━━ Information supplied

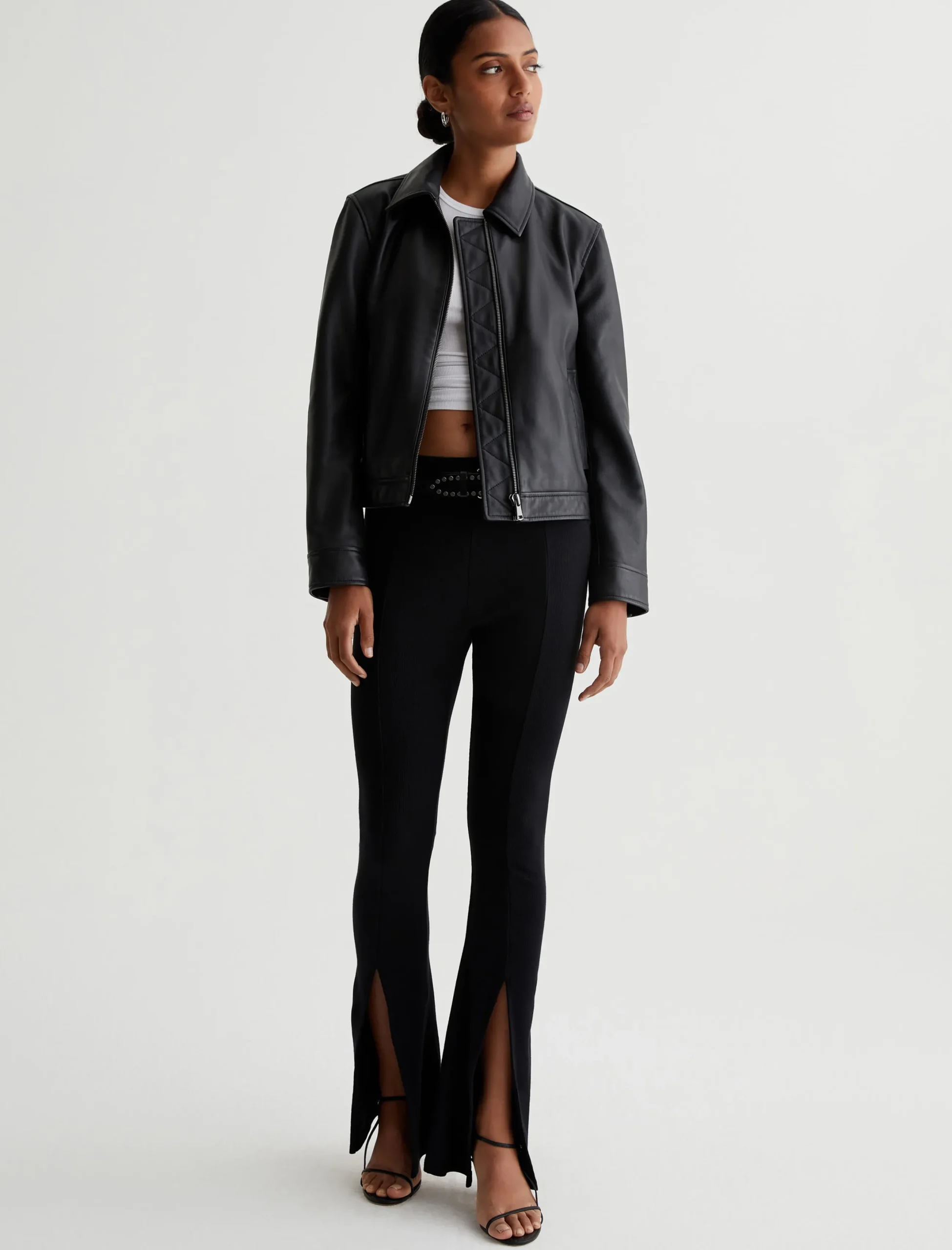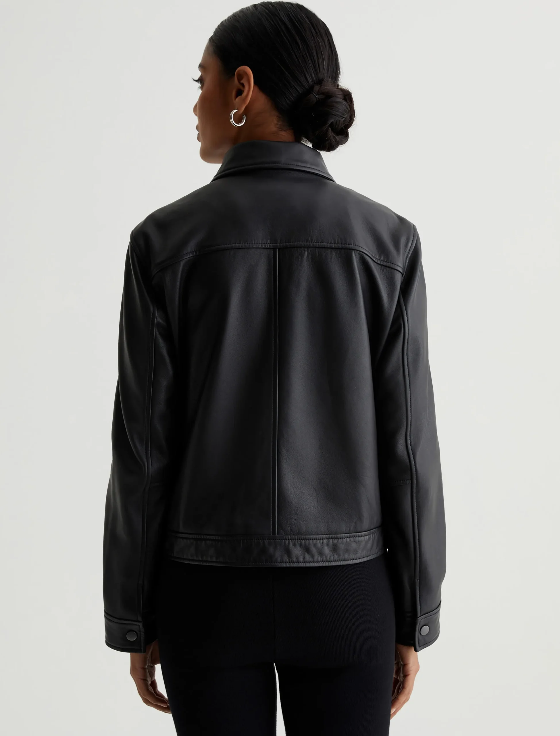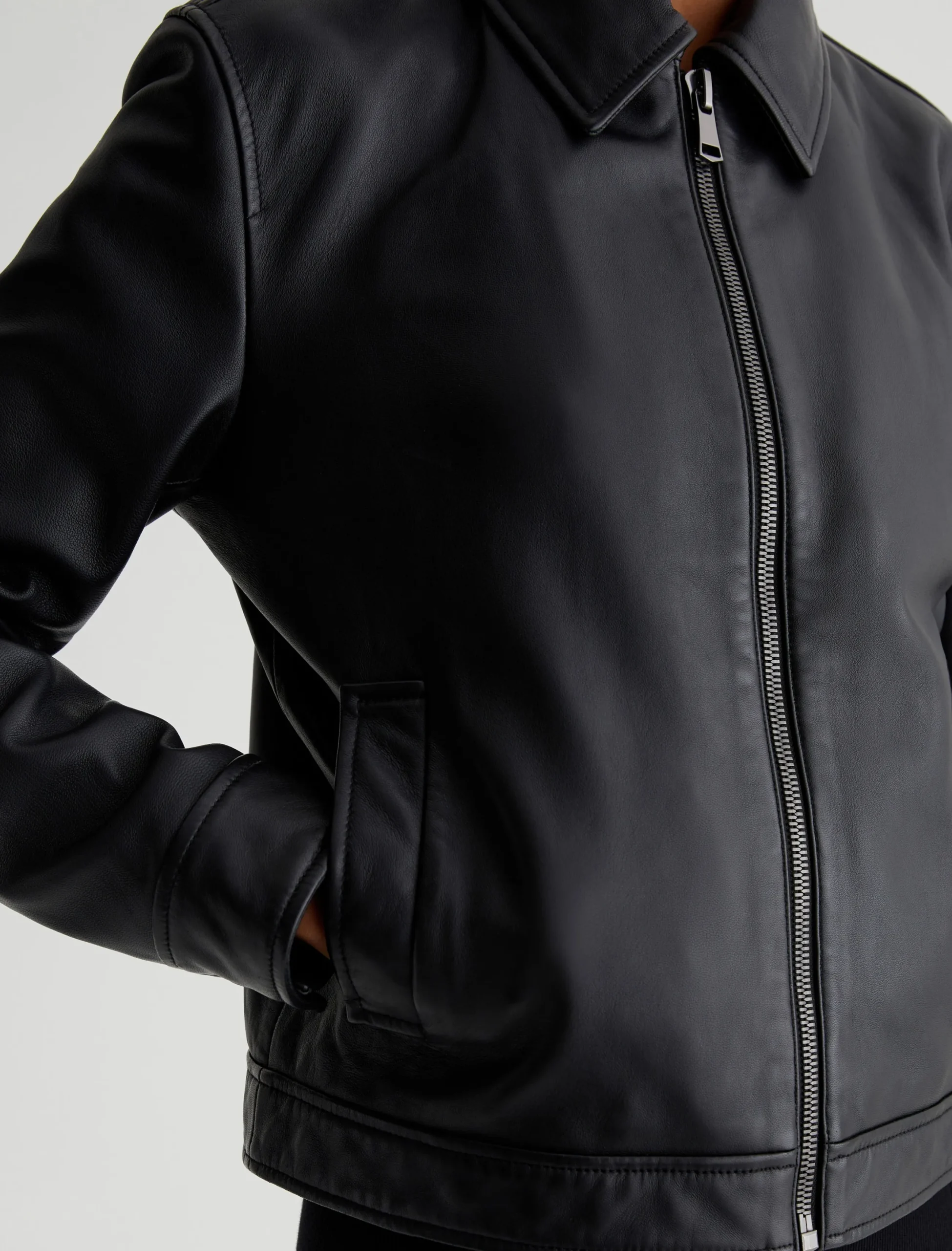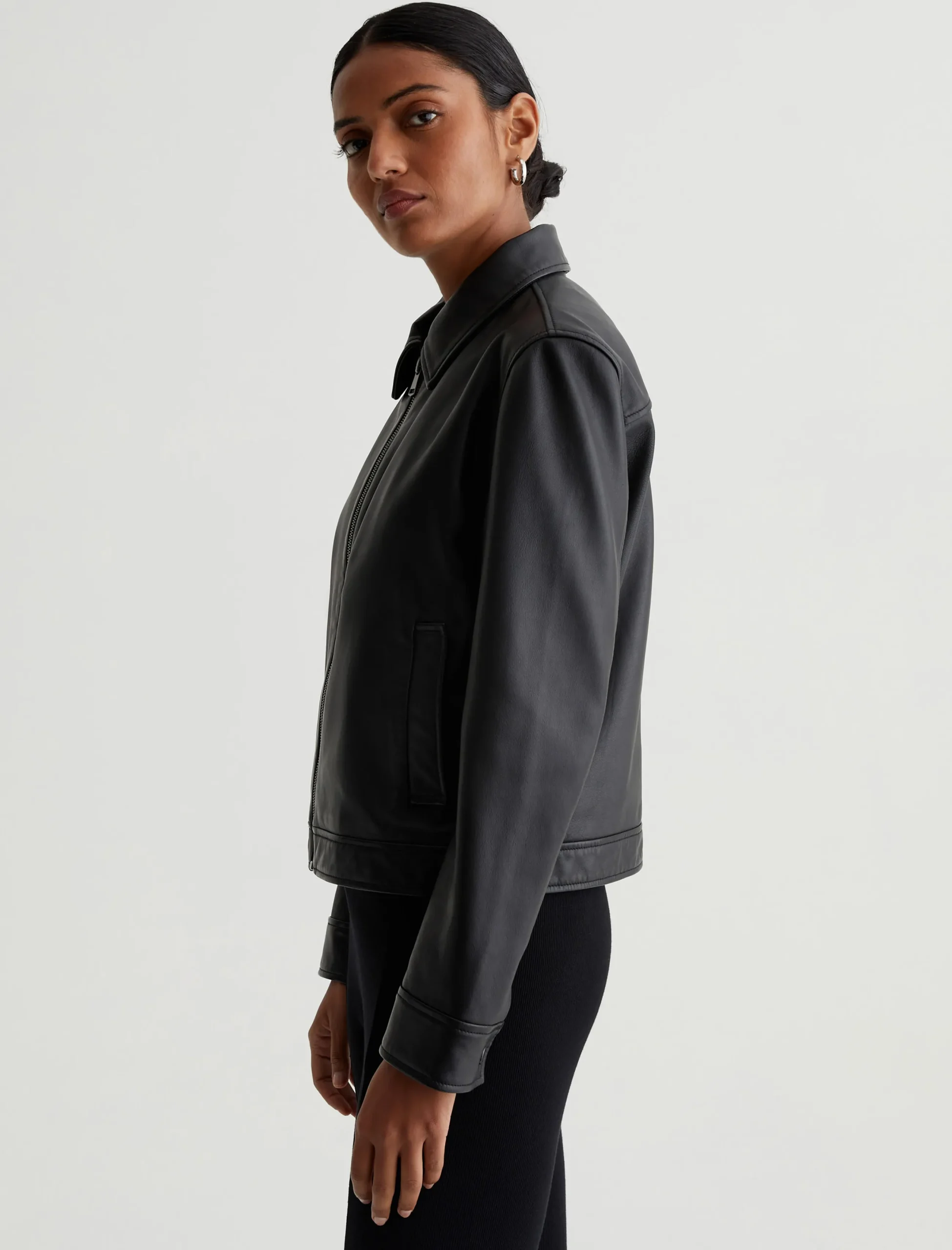 Designed in supple black lambskin leather, our Jayen Jacket is a classic bomber style that you’ll wear now and years from now. It’s got a slightly shrunken silhouette with a pointed collar, zip placket, and welt pockets at the front. Snap cuffs finish the look.
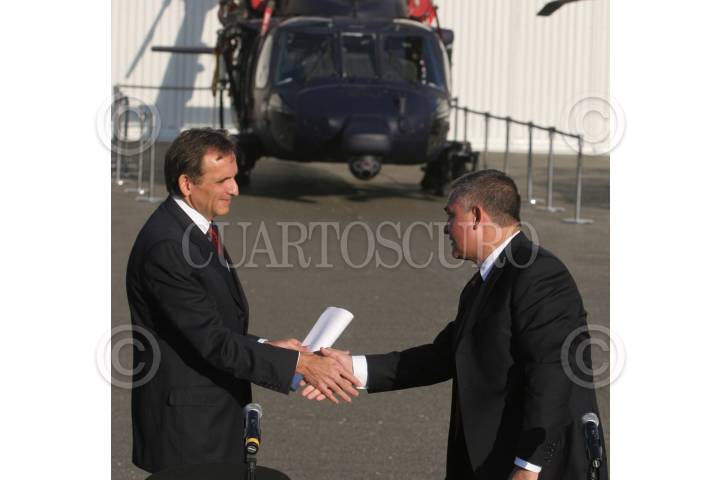 MÉXICO, D.F., 24NOVIEMBRE2010.- Carlos Pascual, embajador de Estados Unidos en México y Genaro Garcia Luna, Secretario de Seguridad Pública Federal, durante la entrega de tres helicópteros tipo Black Hawk entregados por el gobierno de Estados Unidos como parte de la Iniciativa Merida en apoyo a la lucha del gobierno mexicano contra el crimen organizado. FOTO: SAÚL LÓPEZ/CUARTOSCURO.COM
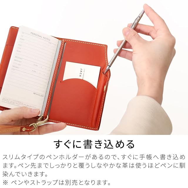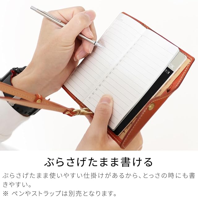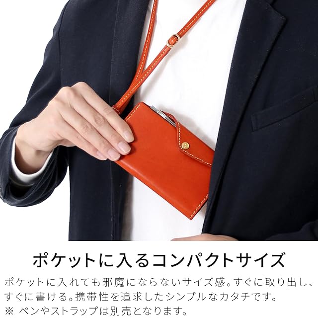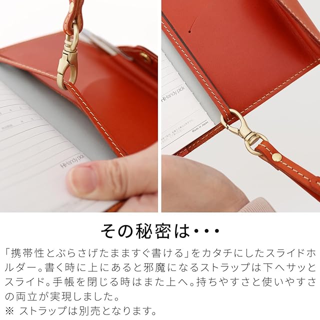 【デザイン×携帯性】日本最高峰の栃木レザーを使用した「ハンディSMALL(冊子タイプ)」は、携帯性を追求したコンパクトな手帳カバーです。ポケットに収まるサイズで、サッと取り出して書き込めます。首から下げて使える工夫(ストラップ別売)や、書きやすいスライドホルダー機構が特徴。ペンホルダーやカードポケット、しおり兼付箋スペースなど、機能も充実しています。別売りのストラップで、さらに便利に持ち運び可能です。

━━━━

Repeat the whole listing above word for word, but keep any picture out of it.

* **Task result**:
 Designed in supple black lambskin leather, our Jayen Jacket is a classic bomber style that you’ll wear now and years from now. It’s got a slightly shrunken silhouette with a pointed collar, zip placket, and welt pockets at the front. Snap cuffs finish the look.
 MÉXICO, D.F., 24NOVIEMBRE2010.- Carlos Pascual, embajador de Estados Unidos en México y Genaro Garcia Luna, Secretario de Seguridad Pública Federal, durante la entrega de tres helicópteros tipo Black Hawk entregados por el gobierno de Estados Unidos como parte de la Iniciativa Merida en apoyo a la lucha del gobierno mexicano contra el crimen organizado. FOTO: SAÚL LÓPEZ/CUARTOSCURO.COM
 【デザイン×携帯性】日本最高峰の栃木レザーを使用した「ハンディSMALL(冊子タイプ)」は、携帯性を追求したコンパクトな手帳カバーです。ポケットに収まるサイズで、サッと取り出して書き込めます。首から下げて使える工夫(ストラップ別売)や、書きやすいスライドホルダー機構が特徴。ペンホルダーやカードポケット、しおり兼付箋スペースなど、機能も充実しています。別売りのストラップで、さらに便利に持ち運び可能です。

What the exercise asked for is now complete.